Я тоже подняла кулак. Камень, ножницы, бумага.
– Бумага, – расплылась в улыбке Клэр. – Я выиграла.
– Ничего подобного! – возразила я. – Видишь? Это ножницы.
– Я забыла тебе кое-что сказать: на улице дождь, и ножницы заржавели. Так что ты кладешь их на бумагу и уносишь отсюда.
Я рассмеялась. Клэр легко шевельнулась, стараясь не нарушить сплетения трубок и проводов.
– А кто будет кормить Дадли? – спросила она.
Дадли – это наш пес, тринадцатилетний спаниель, единственное помимо меня связующее звено между Клэр и ее покойной сестричкой. Да, Клэр никогда не видела Элизабет, но они обе в раннем детстве любили обвешивать Дадли стразами и наряжать его, как сестру, которой у них обеих не было.

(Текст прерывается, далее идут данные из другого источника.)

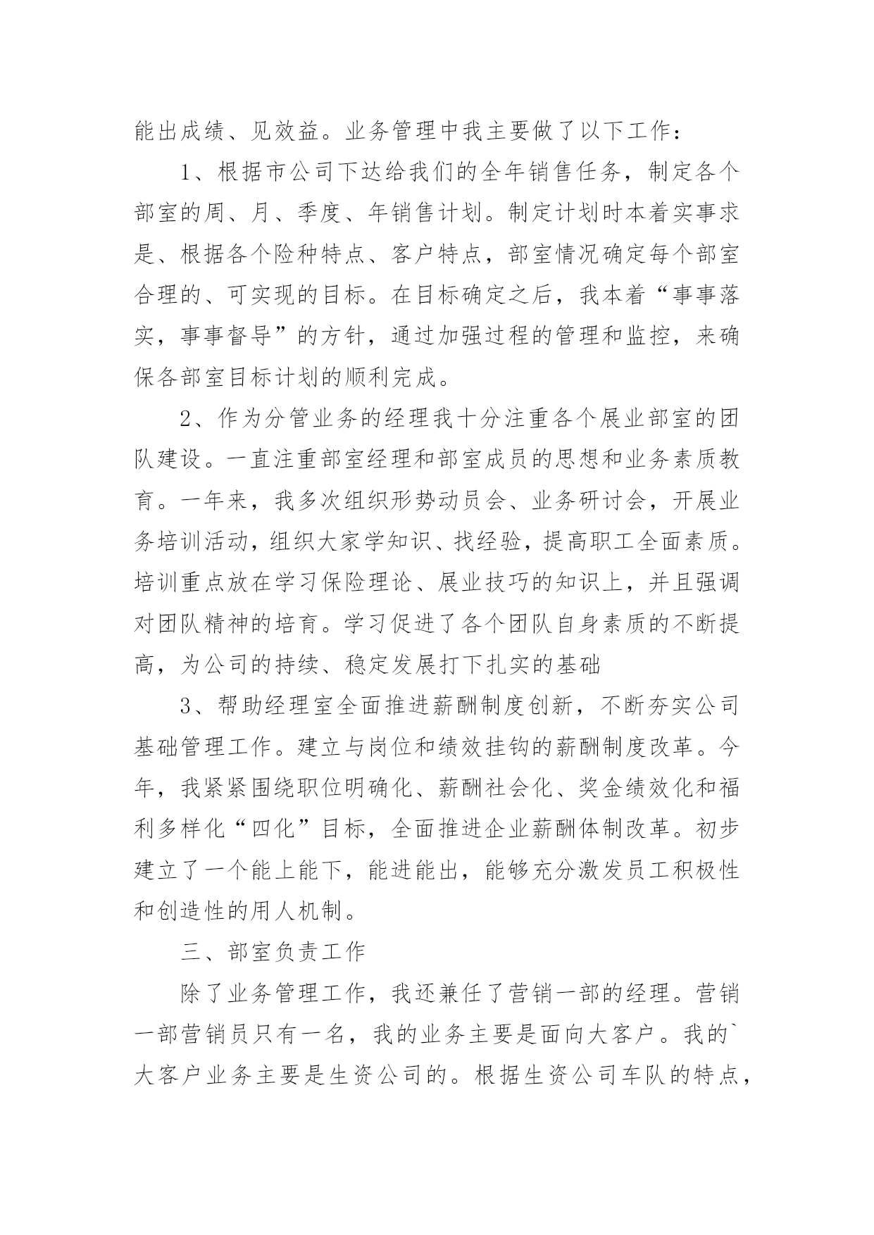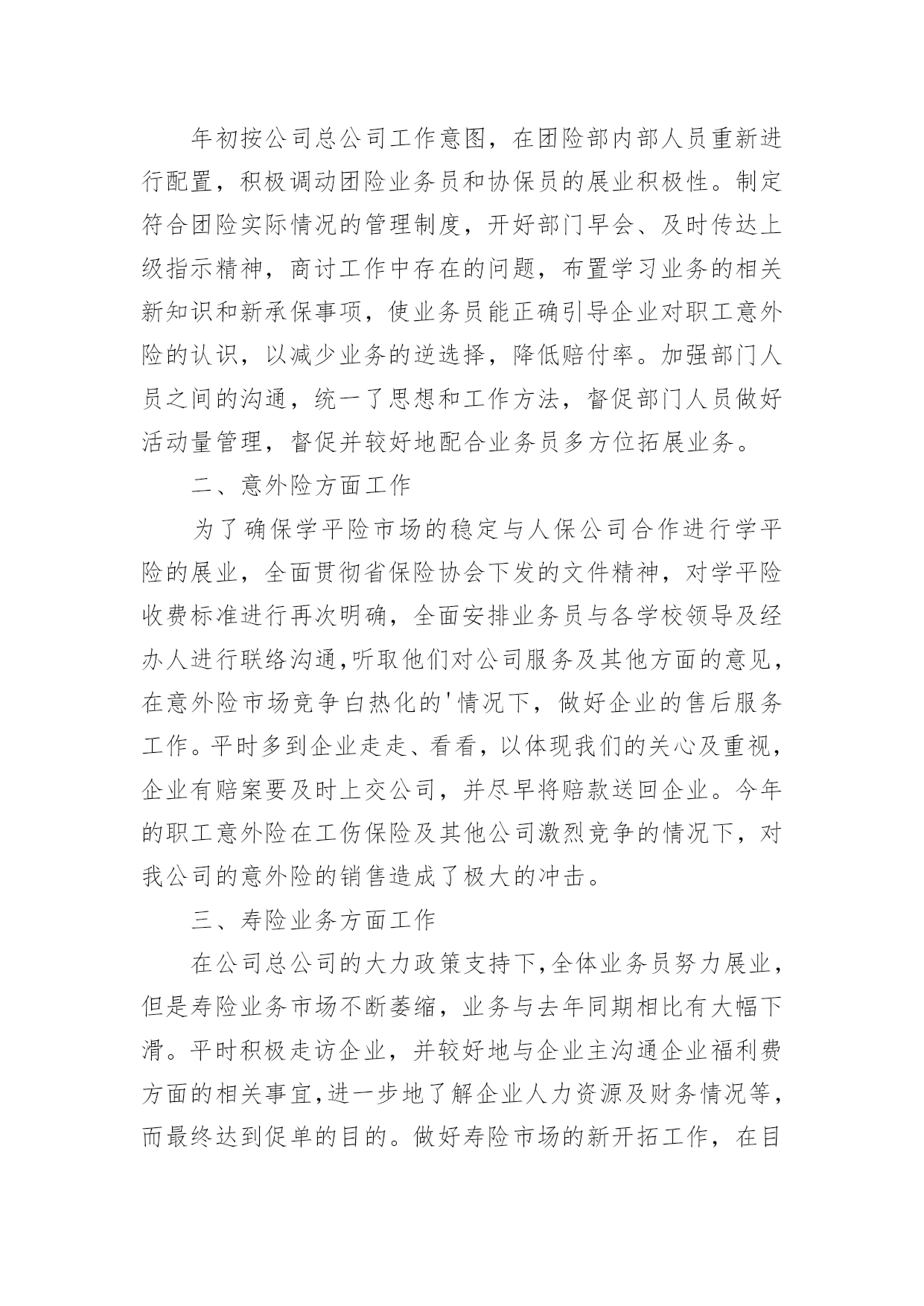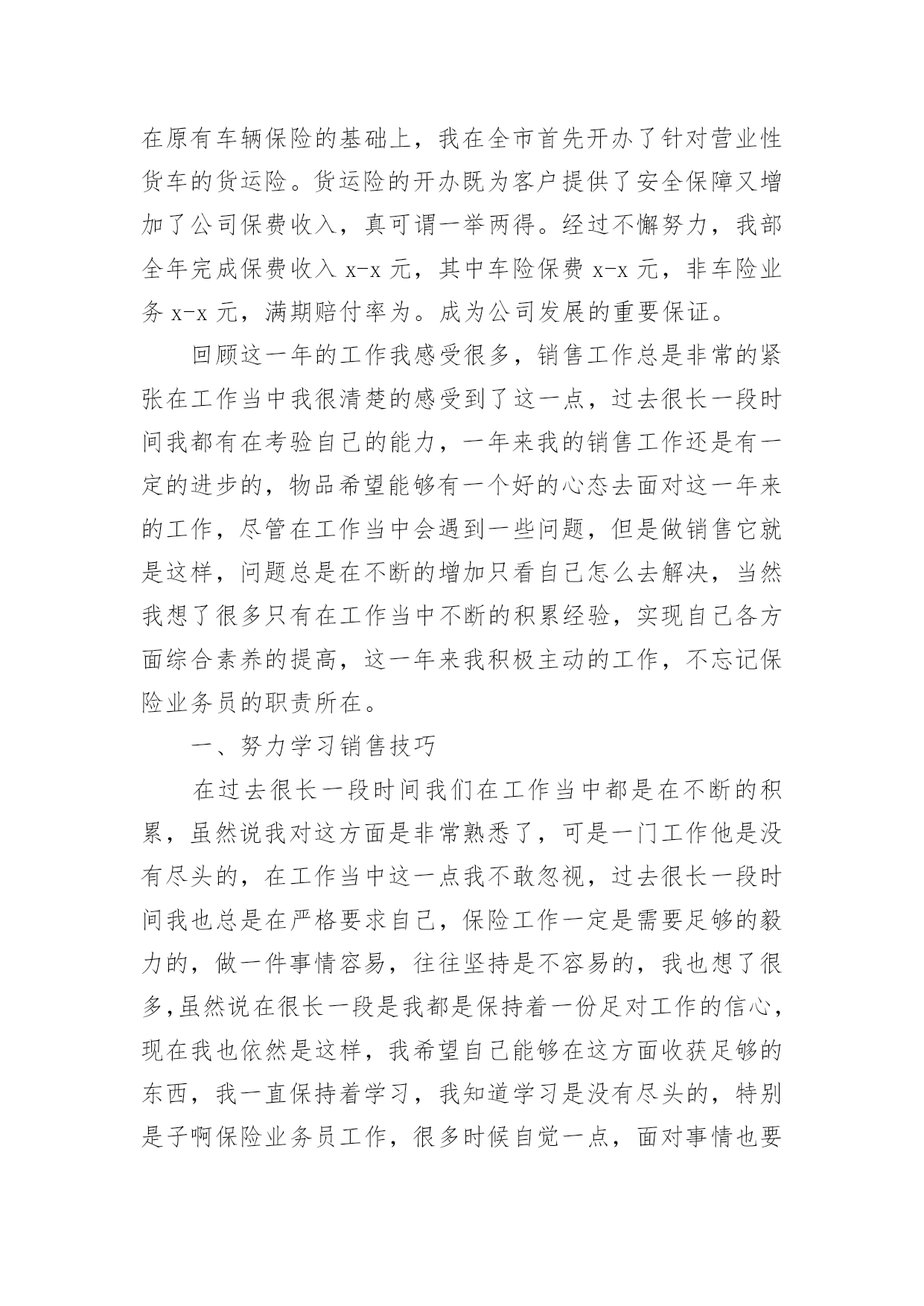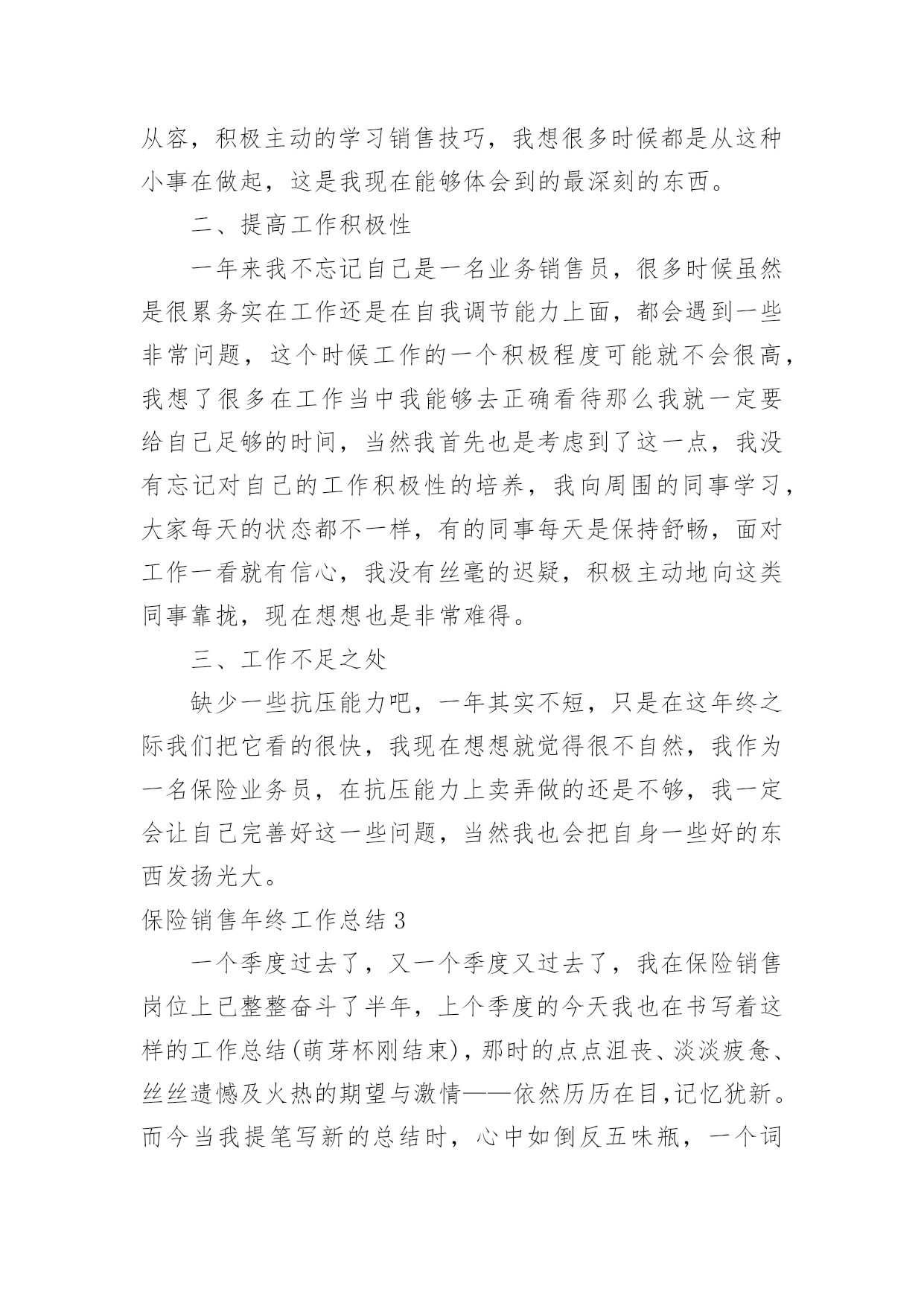 保险销售年终工作总结保险销售年终工作总结总结是事后对某一阶段的学习、工作或其完成情况加以回顾和分析的一种书面材料,通过它可以全面地、系统地了解以往的学习和工作情况,不妨坐下来好好写写总结吧。我们该怎么去写总结呢?下面是小编为大家整理的保险销售年终工作总结,仅供参考,欢迎大家阅读。保险销售年终工作总结1今年通过全体员工的奋力拼搏,开拓创新,勇于进取,公司业务取得了长足发展,业务规模创造了历史同期最高纪录。回顾一年的工作,既有成功的经验,也暴露了一些不足,为了总结经验,改进不足,现将全年工作总结如下。一、团结一心,个人业务取得突破性发展个人业务是我们的核心业务,是公司持续经营、稳健发展的基础。根据xx公司各个时期的企划方案,我公司还根据自身实际情况制订了相应的激励措施,利用多种销售模式,全体员工斗志昂扬、挥洒汗水,经过辛勤的耕耘,终于取得了丰硕的成果。公司一开始就加大了队伍建设力度,把展业和增员结合起来,通过增员来推动业务发展,通过业务发展带来的实惠来带动增员。我们各级主管也付出了大量辛勤的劳动,他们无时无刻不在关注着自己的属员,帮其解困、助其成长、让其心安,正是他们无私而伟大的博爱精神,让我们的员工感觉到了公司的温暖,做到了有爱留人。二、奋勇拼搏,团体业务稳中有升团体业务是公司经营成效体现的重要指标,也是xx保险的交集市场,因此,竞争尤其激烈。一年来,我们除了维护好已有的渠道外,还积极寻找新的业务增长点,努力打破前期业务发展低迷的'状况,同时积极加强与有关部门的沟通与协作,争取得到最大的支持和帮助,加大宣传力度,扩大影响面,从而赢得市常三、雄踞市场主导,再创辉煌按照xx公司的统一布署和安排,我们积极联系各代理机构和网点,加强业务指导和促成。在认真为网点做好服务工作的同时,我们还发动全司员工共同努力,全司一心,加大自营业务规模,做到不等、不靠。我公司增强了发展农村市场的责任感、使命感和紧迫感,农村保险工作开始提速。我司积极想办法,探寻出路,并大胆尝试,先后在多个乡村设立服务点,把保险服务延伸到农村,极大地方便了当地群众,减少了他们的投保、理赔成本。保险销售年终工作总结2一年来,x保险x公司在省市公司正确领导下,依靠我公司全体员工的不懈努力,公司业务取得了突破性进展,率先在全省突破保费收入千万元大关。今年,我公司提前两个月完成了省公司下达的全年营销任务,各项工作健康顺利发展。下面结合我的具体分管工作,谈谈这一年来的成绩与不足。一、工作思想积极贯彻省市公司关于公司发展的一系列重要指示,与时俱进,勤奋工作,务实求效,勇争一流,带领各部员工紧紧围绕“立足改革、加快发展、真诚服务、提高效益”这一中心,进一步转变观念、改革创新,面对竞争日趋激烈的临沂保险市场,强化核心竞争力,开展多元化经营,经过努力和拼搏,公司保持了较好的发展态势,为x保险公司的持续发展,做出了应有的贡献。全方面加强学习,努力提高自身业务素质水平和管理水平。作为一名领导干部,肩负着上级领导和全体员工赋予的重要职责与使命,公司的经营方针政策需要我去贯彻实施。因此,我十分注重保险理论的学习和管理能力的培养。注意用科学的方法指导自己的工作,规范自己的言行,树立强烈的责任感和事业心,不断提高自己的业务能力和管理能力。不断提高公司业务人员队伍的整体素质水平。一年来,我一直把培养展业人员的业务素质作为团队建设的一项重要内容来抓,并和经理室一起实施有针对性的培训计划,加强领导班子和员工队伍建设。二、业务管理“没有规矩不成方圆”。要想使一个公司稳步发展,必须制定规范加强管理。管理是一种投入,这种投入必定会产生效益。我分管的是业务工作,更需要向管理要效益。只有不断完善各种管理制度和方法,并真正贯彻到行动中去,才能出成绩、见效益。业务管理中我主要做了以下工作:1、根据市公司下达给我们的全年销售任务,制定各个部室的周、月、季度、年销售计划。制定计划时本着实事求是、根据各个险种特点、客户特点,部室情况确定每个部室合理的、可实现的目标。在目标确定之后,我本着“事事落实,事事督导”的方针,通过加强过程的管理和监控,来确保各部室目标计划的顺利完成。2、作为分管业务的经理我十分注重各个展业部室的团队建设。一直注重部室经理和部室成员的思想和业务素质教育。一年来,我多次组织形势动员会、业务研讨会,开展业务培训活动,组织大家学知识、找经验,提高职工全面素质。培训重点放在学习保险理论、展业技巧的知识上,并且强调对团队精神的培育。学习促进了各个团队自身素质的不断提高,为公司的持续、稳定发展打下扎实的基础3、帮助经理室全面推进薪酬制度创新,不断夯实公司基础管理工作。建立与岗位和绩效挂钩的薪酬制度改革。今年,我紧紧围绕职位明确化、薪酬社会化、奖金绩效化和福利多样化“四化”目标,全面推进企业薪酬体制改革。初步建立了一个

– За Дадли не волнуйся, – сказала я. – Если что, я позвоню миссис Моррисси.
Клэр кивнула и взглянула на часы.
– Пора бы им уже вернуться.
– Да, крошка, ты права.
– Как ты думаешь, почему они еще не вернулись?
На этот вопрос существовало сто ответов, но в голове моей возник лишь один: возможно, они не вернулись потому, что в какой-то другой больнице, в двух округах отсюда, другая мать вынуждена попрощаться со своим ребенком, чтобы я получила шанс спасти своего.
В учебниках по медицине болезнь Клэр называлась «детская расширенная кардиомиопатия». Этот страшный недуг поражал двенадцать миллионов детей в год: их сердечная полость была с рождения увеличена и со временем растягивалась все больше, а сердца их не могли в полную мощь качать кровь. Болезнь нельзя вылечить, равно как и дать ей обратный ход. Если повезет, с ней можно жить. Если же нет, то человек умирает от сердечного приступа, вызванного застоем крови. В семидесяти девяти процентах случаев причину заболевания определить невозможно. Некоторые специалисты придерживались версии, что виноваты вирусные инфекции вроде миокардита, подхваченные в младенчестве; другие полагали, что пораженный ген передается по наследству. Я всегда подозревала, что Клэр получила болезнь от родителей. В конце концов, дитя, рожденное в горе, обречено появиться на свет с тяжелым сердцем.